- What is being asked
Without including any picture, repeat the records below exactly.

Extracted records
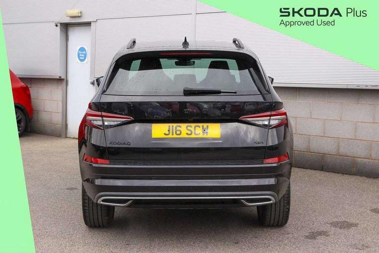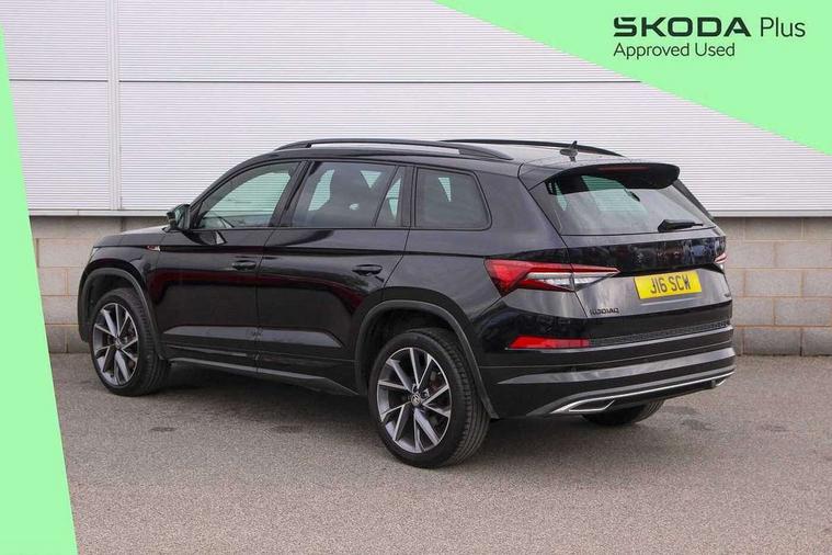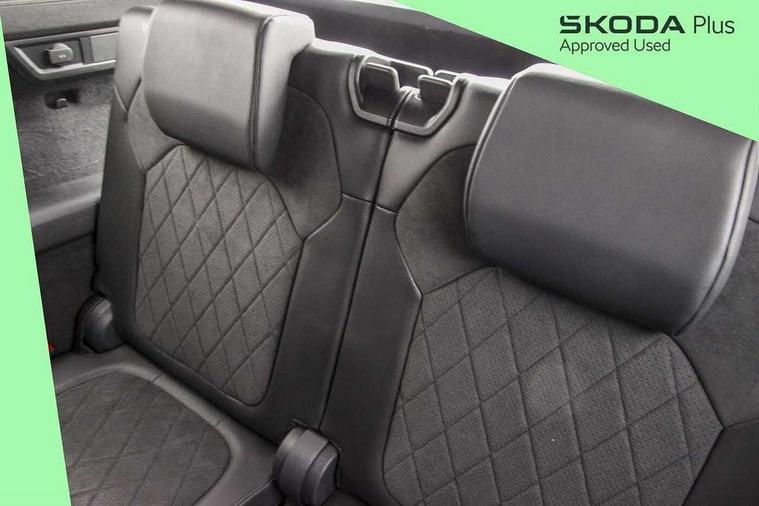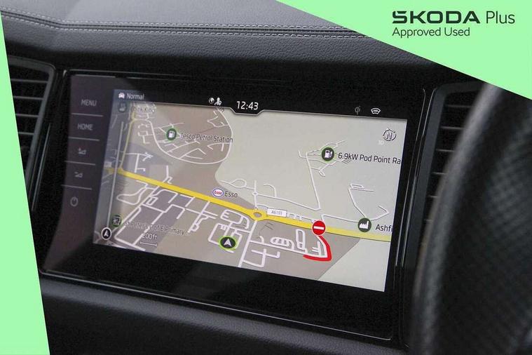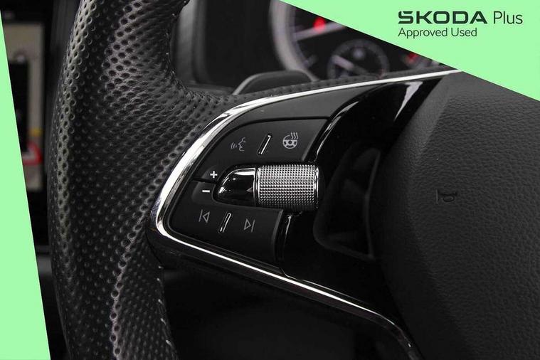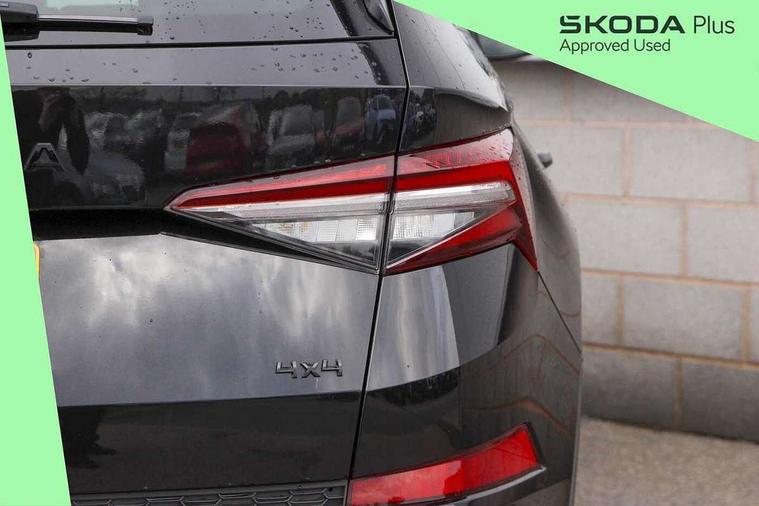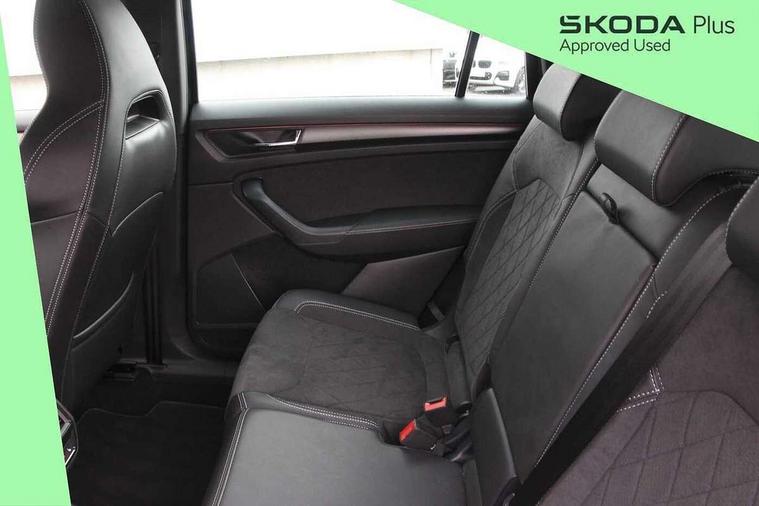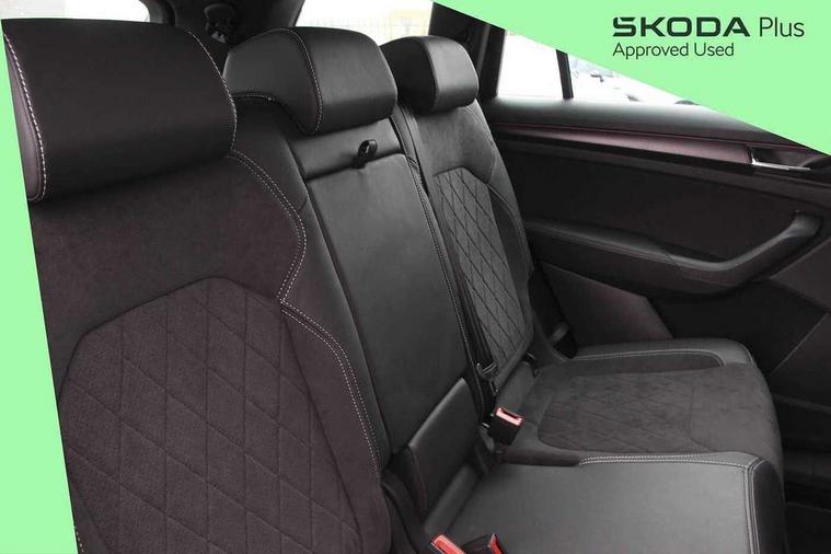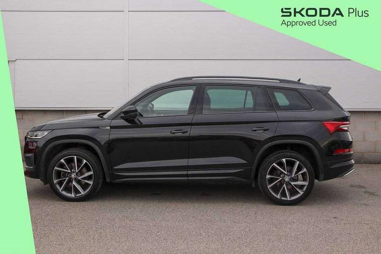 Bluetooth system, Columbus satellite navigation with 9.2" touchscreen, integrated Wi-Fi, web radio, Digital voice enhancement, E-call, ECO Stop/start function, Exterior temperature indicator, Progressive steering, Rear view camera, Smartlink wireless for apple carplay and wired for android auto, Speed limiter, Tailgate unlocking from outside, USB C Port x 2 in front centre console, Wireless charging, 8 Speakers, DAB Digital radio, Aero front windscreen wipers with intermittent function, Aero rear window wiper, Auto dimming rear view mirror, Black roof rails, Black sports styling including front grille and window surrounds, Black wheel arch surrounds, Body colour bumpers, Body colour door handles, Electric adjustable/heated/folding door mirrors, driver side auto dimming with boarding sports and memory function, Electric front and rear windows, Extended rear spoiler with finlets in gloss black, Front fog lights, Full LED matrix headlights with AFS (adaptive front light system), cornering function and AWL (all weather lighting system), Gloss black door mirrors, Headlight washers, Heated rear window, Invisible tailpipe, LED daytime running lights, LED rear fog light, LED third brake light in rear spoiler, Light assistant (coming/leaving home/tunnel light), Off-road style lower front bumper element, Privacy glass, Rain and light sensors, Rear diffuser, Rear LED lights (high functionality) with welcome effect and dynamic indicators, Rear side wing doors, Safety reflectors on front and rear doors, Sportline badge on front fender, Sports front and rear bumpers including lower rear chrome strip, Tailgate lettering in Black, Window control switches with black trim, Without engine designation, 12V socket in boot, 2 rails with 2 hooks, 2 seat bench in 3rd row, 3 seat bench in 2nd row, 4 foldable roof handles with rear coat hooks, 60:40 foldable rear seat with sliding adjustment and backrest angle adjustment, Aluminium pedals, Black roof headlining, Bottle holders in door panel in the 1.5 litre front and 1 litre rear, Cargo storage compartments, Chrome headlight control button, Chrome interior door handles, Coat hooks on B pillar, Covered storage compartment on driver side, Front centre armrest with storage compartment, cup holder and 12V socket, Front courtesy lights, Gear shift lever with chrome frame and black gloss insert, Grey stitching in front and rear armrests and door armrests + door inserts, Height adjustable front headrests, Illuminated and cooled glovebox, Illuminated luggage compartment, Isofix child seat fittings in outer rear seats with top tether, Manually adjustable steering column, Microsuede door panels, Net programme in boot (1x horizontal Net, 2x vertical Nets), Overhead glasses storage compartment, Pollen filter, Rear centre armrest with cupholders, Single front passenger seat, Sliding trunk cover, Small Bags on the inner sides of the front backrests, Sports seats, Sunvisors with illuminated vanity mirrors, Three rear height adjustable headrests, Ticket holder on A Pillar, Umbrella in door panel, Variable boot floor, LED Interior light pack - Kodiaq, Auto door release and activation of warning lights in the event of an accident, Child locks on rear doors, Driver and front passenger airbag with knee airbag and front passenger airbag deactivation, Electronic parking brake with hill start assist, Emergency rear braking signal, ESC (incl. ABS+MSR+ASR+EDS+HBA+DSR+RBS+MKB), Front assist with autonomous emergency braking, Front side airbags with curtain airbags, Fuel cut off safety device, Height adjustable front 3 point seatbelts + pretensioners, Hill hold control, Rear disc brakes, Safety vest holder in door, Seat belt reminder for all seats, Three point rear seat belts, Two tone horn, Tyre pressure monitor, Alarm with interior monitoring and tilt sensor with safe function, Anti-theft wheel bolts, Immobiliser, Keyless entry and start system (KESSY), Remote central locking with 2 keys, Black air vent surround, Carbon finish dashboard and door inserts, Grey stitching in dashboard, 20" Vega Anthracite alloy wheels, Temporary spare wheel (space saver),
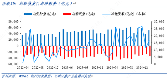 2月份,包括国债、地方政府债、金融债、同业存单在内的利率债总发行量为50883.70亿元,总偿还量为33859.09亿元,净融资额为17024.61亿元。相较于1月,净融资额有所回升,同环比分别为1.29%/0.50%。
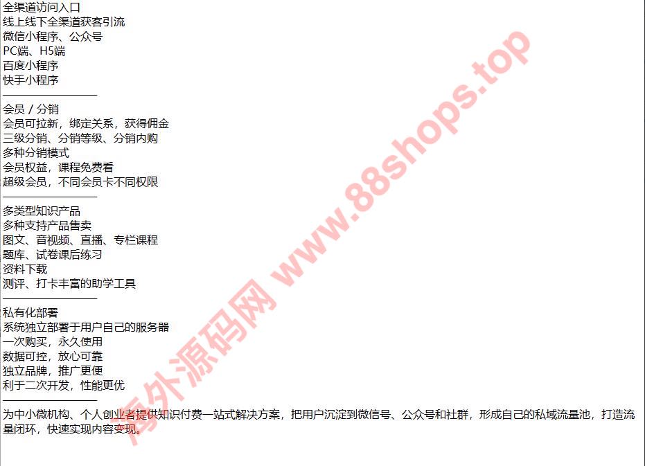 为中小微机构、个人创业者提供知识付费- -站式解决方案,把用户沉淀到微信号、公众号和社群,形成自己的私域流量池,打造流
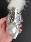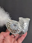 Christopher Radko Silver Owl Glass Clip Christmas Ornament. This is gorgeous! Made of blown glass it has gorgeous blue gem eyes, clear gem accents with a white feather tail, very pretty. Perfect for your tree this holiday season.
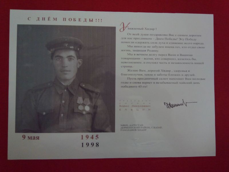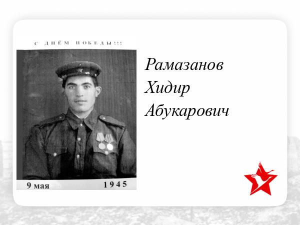 Мой дедушка - Рамазанов Хидир Абукарович родился в 1923 г. в с.Амака Курахского района Дагестанской АССР. На военную службу был призван 24 февраля 1942 г. Войну прошел в составе 234 зан. стрелкового полка (К сожелению большей информацией не владею, данные из военного билета). О войне дедушка не очень любил рассказывать. С его слов мне стало понятно, что война - это очень страшное дело, и победа ,которую люди добились ценой своих жизней, бесценна для нас! Жена дедушки, моя бабушка - Рамазанова Раижат в войну копала окопы для советских солдат. Хочется сказать, что эти два дорогих для меня человека являлись примером мужества, силы духа и бесконечной энергии. Как говорится - гвозди бы делать из этих людей, не было б крепче в Мире гвоздей! Жаль что их уже давно нет с нами... Вечная память и слава нашим дедушкам, бабушкам, отцам и мотерям, который дали нам возможность жить...

- Result
 Bluetooth system, Columbus satellite navigation with 9.2" touchscreen, integrated Wi-Fi, web radio, Digital voice enhancement, E-call, ECO Stop/start function, Exterior temperature indicator, Progressive steering, Rear view camera, Smartlink wireless for apple carplay and wired for android auto, Speed limiter, Tailgate unlocking from outside, USB C Port x 2 in front centre console, Wireless charging, 8 Speakers, DAB Digital radio, Aero front windscreen wipers with intermittent function, Aero rear window wiper, Auto dimming rear view mirror, Black roof rails, Black sports styling including front grille and window surrounds, Black wheel arch surrounds, Body colour bumpers, Body colour door handles, Electric adjustable/heated/folding door mirrors, driver side auto dimming with boarding sports and memory function, Electric front and rear windows, Extended rear spoiler with finlets in gloss black, Front fog lights, Full LED matrix headlights with AFS (adaptive front light system), cornering function and AWL (all weather lighting system), Gloss black door mirrors, Headlight washers, Heated rear window, Invisible tailpipe, LED daytime running lights, LED rear fog light, LED third brake light in rear spoiler, Light assistant (coming/leaving home/tunnel light), Off-road style lower front bumper element, Privacy glass, Rain and light sensors, Rear diffuser, Rear LED lights (high functionality) with welcome effect and dynamic indicators, Rear side wing doors, Safety reflectors on front and rear doors, Sportline badge on front fender, Sports front and rear bumpers including lower rear chrome strip, Tailgate lettering in Black, Window control switches with black trim, Without engine designation, 12V socket in boot, 2 rails with 2 hooks, 2 seat bench in 3rd row, 3 seat bench in 2nd row, 4 foldable roof handles with rear coat hooks, 60:40 foldable rear seat with sliding adjustment and backrest angle adjustment, Aluminium pedals, Black roof headlining, Bottle holders in door panel in the 1.5 litre front and 1 litre rear, Cargo storage compartments, Chrome headlight control button, Chrome interior door handles, Coat hooks on B pillar, Covered storage compartment on driver side, Front centre armrest with storage compartment, cup holder and 12V socket, Front courtesy lights, Gear shift lever with chrome frame and black gloss insert, Grey stitching in front and rear armrests and door armrests + door inserts, Height adjustable front headrests, Illuminated and cooled glovebox, Illuminated luggage compartment, Isofix child seat fittings in outer rear seats with top tether, Manually adjustable steering column, Microsuede door panels, Net programme in boot (1x horizontal Net, 2x vertical Nets), Overhead glasses storage compartment, Pollen filter, Rear centre armrest with cupholders, Single front passenger seat, Sliding trunk cover, Small Bags on the inner sides of the front backrests, Sports seats, Sunvisors with illuminated vanity mirrors, Three rear height adjustable headrests, Ticket holder on A Pillar, Umbrella in door panel, Variable boot floor, LED Interior light pack - Kodiaq, Auto door release and activation of warning lights in the event of an accident, Child locks on rear doors, Driver and front passenger airbag with knee airbag and front passenger airbag deactivation, Electronic parking brake with hill start assist, Emergency rear braking signal, ESC (incl. ABS+MSR+ASR+EDS+HBA+DSR+RBS+MKB), Front assist with autonomous emergency braking, Front side airbags with curtain airbags, Fuel cut off safety device, Height adjustable front 3 point seatbelts + pretensioners, Hill hold control, Rear disc brakes, Safety vest holder in door, Seat belt reminder for all seats, Three point rear seat belts, Two tone horn, Tyre pressure monitor, Alarm with interior monitoring and tilt sensor with safe function, Anti-theft wheel bolts, Immobiliser, Keyless entry and start system (KESSY), Remote central locking with 2 keys, Black air vent surround, Carbon finish dashboard and door inserts, Grey stitching in dashboard, 20" Vega Anthracite alloy wheels, Temporary spare wheel (space saver),
 2月份,包括国债、地方政府债、金融债、同业存单在内的利率债总发行量为50883.70亿元,总偿还量为33859.09亿元,净融资额为17024.61亿元。相较于1月,净融资额有所回升,同环比分别为1.29%/0.50%。
 为中小微机构、个人创业者提供知识付费- -站式解决方案,把用户沉淀到微信号、公众号和社群,形成自己的私域流量池,打造流
 Christopher Radko Silver Owl Glass Clip Christmas Ornament. This is gorgeous! Made of blown glass it has gorgeous blue gem eyes, clear gem accents with a white feather tail, very pretty. Perfect for your tree this holiday season.
 Мой дедушка - Рамазанов Хидир Абукарович родился в 1923 г. в с.Амака Курахского района Дагестанской АССР. На военную службу был призван 24 февраля 1942 г. Войну прошел в составе 234 зан. стрелкового полка (К сожелению большей информацией не владею, данные из военного билета). О войне дедушка не очень любил рассказывать. С его слов мне стало понятно, что война - это очень страшное дело, и победа ,которую люди добились ценой своих жизней, бесценна для нас! Жена дедушки, моя бабушка - Рамазанова Раижат в войну копала окопы для советских солдат. Хочется сказать, что эти два дорогих для меня человека являлись примером мужества, силы духа и бесконечной энергии. Как говорится - гвозди бы делать из этих людей, не было б крепче в Мире гвоздей! Жаль что их уже давно нет с нами... Вечная память и слава нашим дедушкам, бабушкам, отцам и мотерям, который дали нам возможность жить...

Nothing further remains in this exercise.